The physician glanced lazily at the negro. The spirit of mischief seized him. “Look here, boy,” he cried, in a threatening manner, “I warn you as a friend as well as a medical man to keep away from poison. You are so tough, so ornery, so low down good for nothing and lazy, that poison would have to work slow under your hide and you would die a lingering and painful death.”
Without another word Ike departed. The verdict had been handed down and sentence passed. Before him lay a dreadful death. He sought solitude in which to pass his few remaining hours and to prepare for his fearful end. Stumbling along, he came upon the ice cream freezers and the lunch baskets. Serena and Mr. Vivian sat among them, engaged in debate regarding the preparation of certain types of cake in view of the high cost of eggs.
To Ike’s mind, this was the kitchen. His home, his place of retirement, should logically be back of this. Within him burned increasing fear. Upon self-examination, he discovered that peculiar symptoms beset every part of his body. Unquestionably the fatal hour approached. The time of paroxysms and fits was at hand. Trembling and almost blind from apprehension, the chauffeur circled the refreshments and the culinary argument. He came upon a shady nook. The tall brush had been pulled aside and fashioned into a rude canopy which, with the tree branches overhead, afforded a double protection from the sun. Within it, his confused eyes made out that which appeared a couch decked forth with old blankets and gunny sacks. Ike sank upon this with a moan of anguish and, with his kinky head buried in the crook of his elbow, awaited the final agony which would herald the passing of his soul.

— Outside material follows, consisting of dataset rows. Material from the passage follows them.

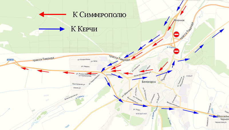 «Для движения в сторону Симферополя жители села Яблочное должны будут пересечь трассу «Таврида» через тоннельный путепровод и выехать к Белогорской развязке через перекресток автодороги Симферополь – Феодосия с ул. Нижегорской. Жители Белогорска, живущие вблизи Яблочной развязки, также будут двигаться этим путем», – говорится в сообщении.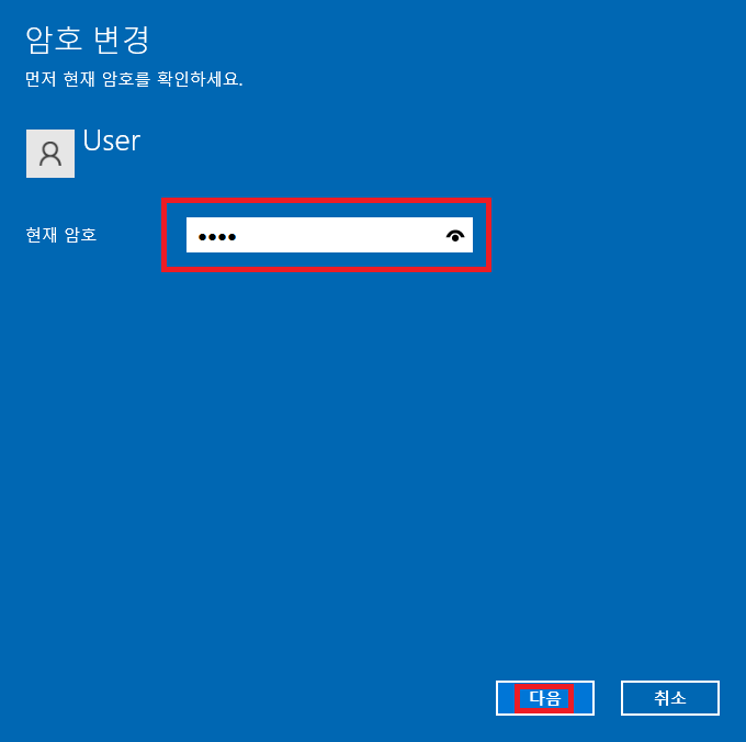 ▶ 현재 사용 중인 암호를 입력하신 후 "다음" 버튼을 클릭합니다.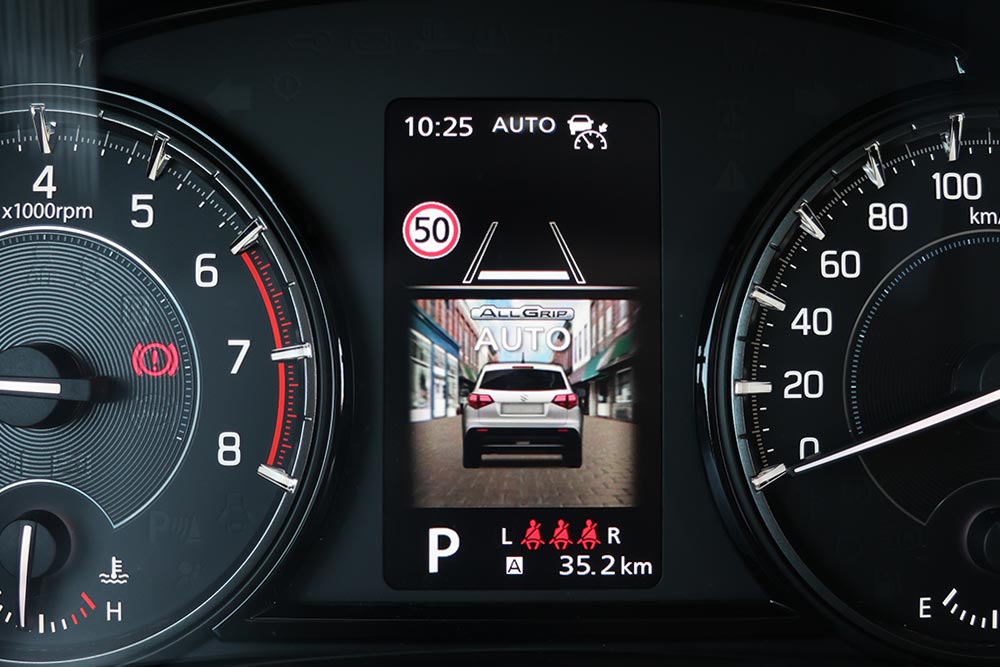 Ολόκληρος ο πυρήνας του Vitara, διαχρονικά, δίνει προτεραιότητα στην ουσία. Το «είναι», αντί του «φαίνεσθαι». Το δηλώνει ξεκάθαρα σχεδιαστικά, αλλάζοντας προσεκτικά στοιχεία εδώ και 11 χρόνια (πότε πέρασαν ε) που βρίσκεται στην αγορά η τέταρτη γενιά, το επαληθεύει και με τον εσωτερικό του κόσμο. Η ψηφιακότητα είναι παρούσα, μέσω της οθόνης αφής 9 ιντσών για το σύστημα πολυμέσων, αλλά συνοδεύεται από αξιοζήλευτη προσοχή στην εργονομία και την ευχρηστία. Η εικόνα του ταμπλό αποτελεί ευχάριστο διάλειμμα από τον ορυμαγδό μόνιτορ και μενού/υπομενού που κατακλύζουν τα καινούργια αυτοκίνητα, παρέχοντας μια τόσο απαραίτητη ησυχία στο κεφάλι του οδηγού.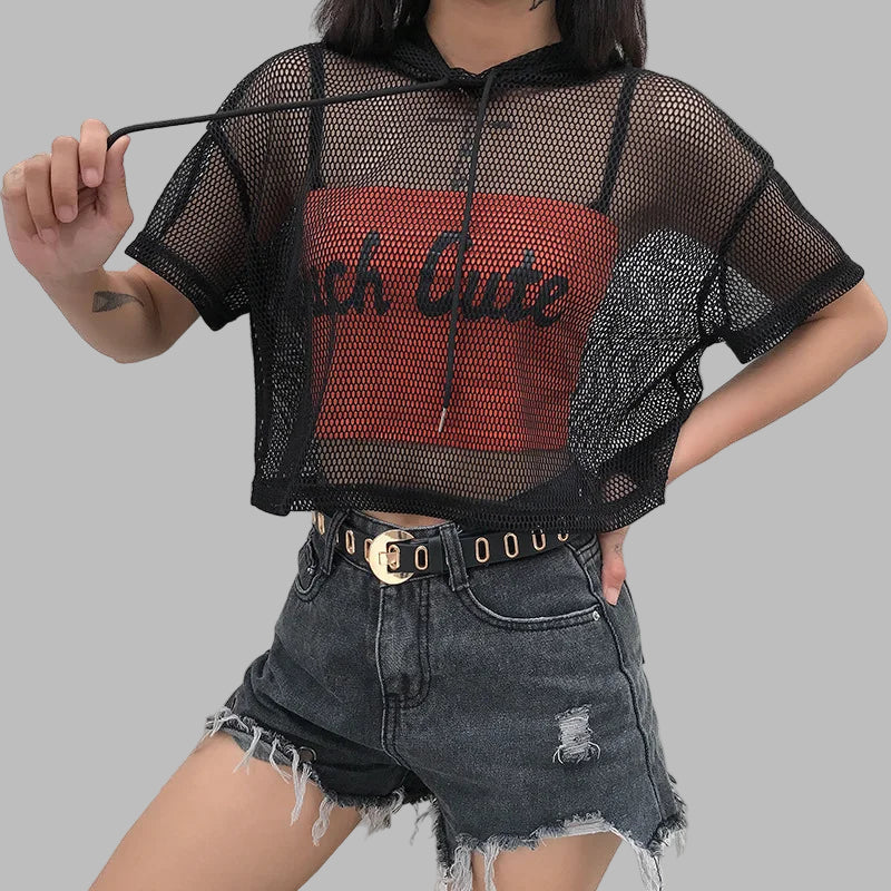 Sort T-shirt med net og hætte i punk-stil Se muligheder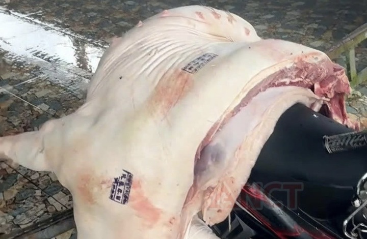 Trước đó, lực lượng chức năng phối hợp kiểm tra cơ sở giết mổ gia súc Đặng Phú Tỷ (xã Vĩnh Viễn, TP Cần Thơ) và phát hiện một con heo đã bị giết mổ, có dấu kiểm dịch, chuẩn bị được vận chuyển ra chợ Vĩnh Viễn tiêu thụ, với trọng lượng khoảng 120kg.

With that love for solitude and self-communion, so common to unusual minds, Mr. Quince had not mingled with the ladies. While technically a member of the picnic party, he was not one with it in spirit, in taste or in aspiration. Those who go down to the sea in ships give but little heed to infant culture. Therefore, he strolled about the circumference of the festivities instead of in their midst and thus came upon the recumbent Ike.
“What’s the matter now?” he demanded in the rough manner of a man hardened by contact with nature in her wildest moods.
Ike emitted a dismal groan.
Mr. Quince, ever one of action, promptly applied that treatment deemed peculiarly efficacious in the treatment of those intoxicated. He seized the negro by his shoulders and shook him violently. “Come up!” he roared. “Git a move on yer, yer lazy bum.”
“Lemme go!” protested Ike, astounded at the administration of such radical restorative measures to one about to shuffle off. “Ah’m er dead man. Ah’m er gwine to pass away.”
Mr. Quince registered intense interest. “Yer don’t say?” He scratched his head reflectively and brought the cold light of reason to bear upon the problem. “Whatcher talkin’ about,” he went on in tones of regret. “Yer hain’t dead”; and concluded more hopefully, “Leastways not yit.”
“He’p,” moaned Ike, apparently in intense agony.